Water buffalo spreading schistosomiasis in Philippines

Water buffalo spreading schistosomiasis in Philippines

Water buffalos play a critical role in transmitting the parasitic disease schistosomiasis in the Philippines, new research reveals.

Schistosomiasis, also known as bilharzia, is caused by parasitic trematode worms. People become infected when larval forms of the parasite penetrate the skin during contact with infested waters. According to WHO estimates, at least 236.6 million people globally required preventive treatment against the disease in 2019.

While earlier studies had placed blame for the transmission of the Schistosoma japonicum parasite in the Philippines on rats and dogs, research published late September in PLOS Neglected Tropical Diseases, showed that buffalos were mainly responsible.

Mario Jiz, an author of the study and head of the immunology department at the Research Institute for Tropical Medicine, Manila, says schistosomiasis affects 12 million Filipinos and persists as a public health problem despite mass drug administration. Reinfection rates after drug treatment are high in heavily endemic areas because of poor understanding of the infection source, he tells SciDev.Net.

Farmers use water buffalo, also commonly called carabao, as draft animals in rice farming and coconut harvesting, the main agricultural activities in rural Philippines.

“S. japonicum is a zoonosis [disease which can be transmitted to humans from animals] that infects the majority of water buffalos over short periods of time and these animals can transmit the infection to snail [which act as] intermediate hosts and mediate human infection,” Jiz tells SciDev.Net.

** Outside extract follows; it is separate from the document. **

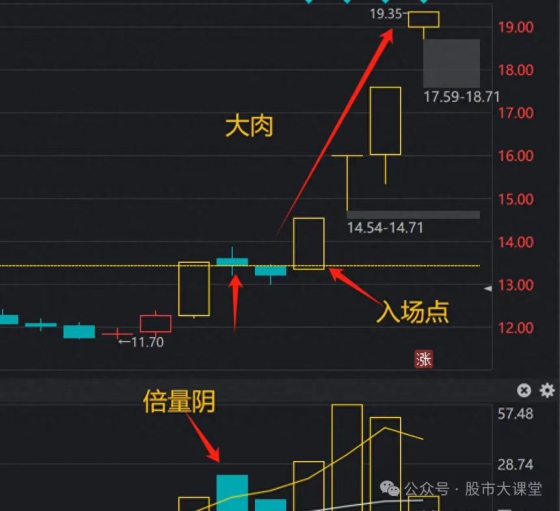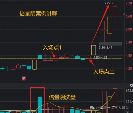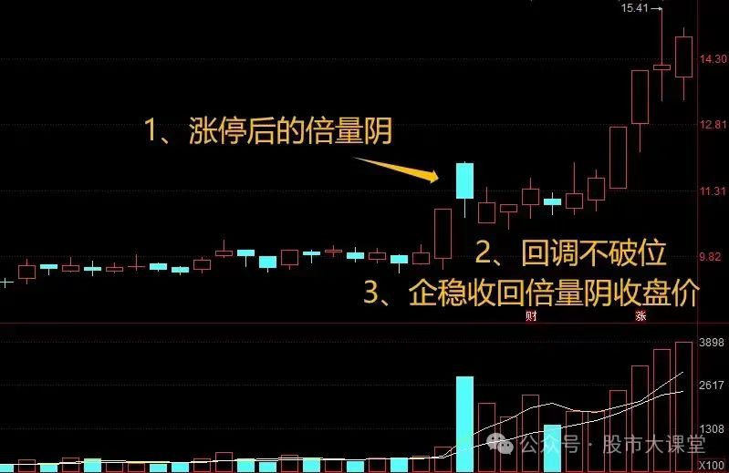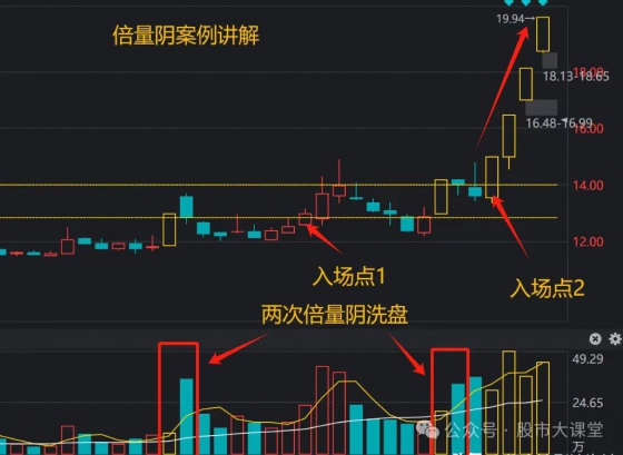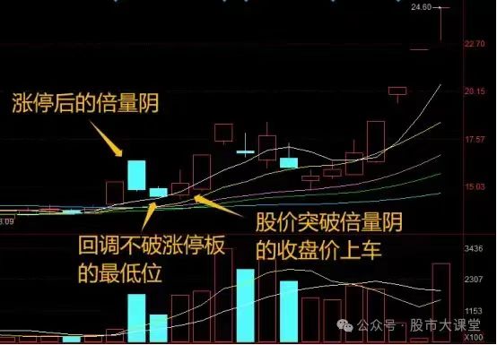 (1)突破倍量阴线收盘价进场;(2)回踩不破倍量阴线再次进场。

The researchers moved 42 schistosome-negative water buffalos to the rice-farming village of Macanip in Leyte, Philippines. At the end of 10 months, they tested 34 surviving water buffalos—the others died in a typhoon—to find that only one was free of the parasites. For accuracy, the researchers relied on real-time polymerase chain reaction tests as well as retrieval of worms from the veins and tissues of the liver and abdomen of the animals.

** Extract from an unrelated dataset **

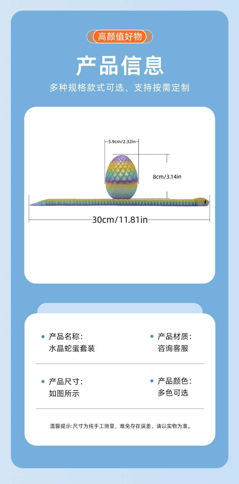크리스탈 뱀 계란 세트 3D 인쇄 장식 장식품 인터넷 연예인 장난감 공예 크리 에이 티브 손으로 만든 선물 제조 업체 도매

“Similar to schistosomiasis in China, water buffalos play a major role in schistosomiasis in the Philippines,” says Jiz. “Other regions where the zoonotic S. japonicum is endemic should also consider water buffalos as a major transmission agent.”

Jiz says that frequent flooding and strong typhoons caused by climate change may carry the snail hosts to other areas and start a new schistosomiasis infection area. “With the ubiquity of water buffalos in rice-farming villages in the Philippines, there is a risk of spreading schistosomiasis from focal, limited areas to larger spaces.”

“Water buffalos do not get sick or die from schistosomiasis, but humans do,” says Jiz. “Control of schistosomiasis in water buffalos is important to prevent sickness and death due to this parasite.”

Don McManus, a senior scientist at the QIMR Berghofer Medical Research Institute, in Brisbane, Australia tells SciDev.Net that the study “provides absolute, definitive proof that carabao are major animal reservoirs for transmitting schistosomiasis in the Philippines.”

China has long recognized that water buffalo and cattle are the major reservoirs of infection and, as such, are targeted by the countries’ schistosomiasis control program, says McManus, adding: “The research provides additional ammunition for developing and deploying a transmission-blocking veterinary vaccine in both countries as a primary control intervention against schistosomiasis.”

Global schistosomiasis control is mainly by mass administration of the drug praziquantel, but has not always been effective, according to McManus.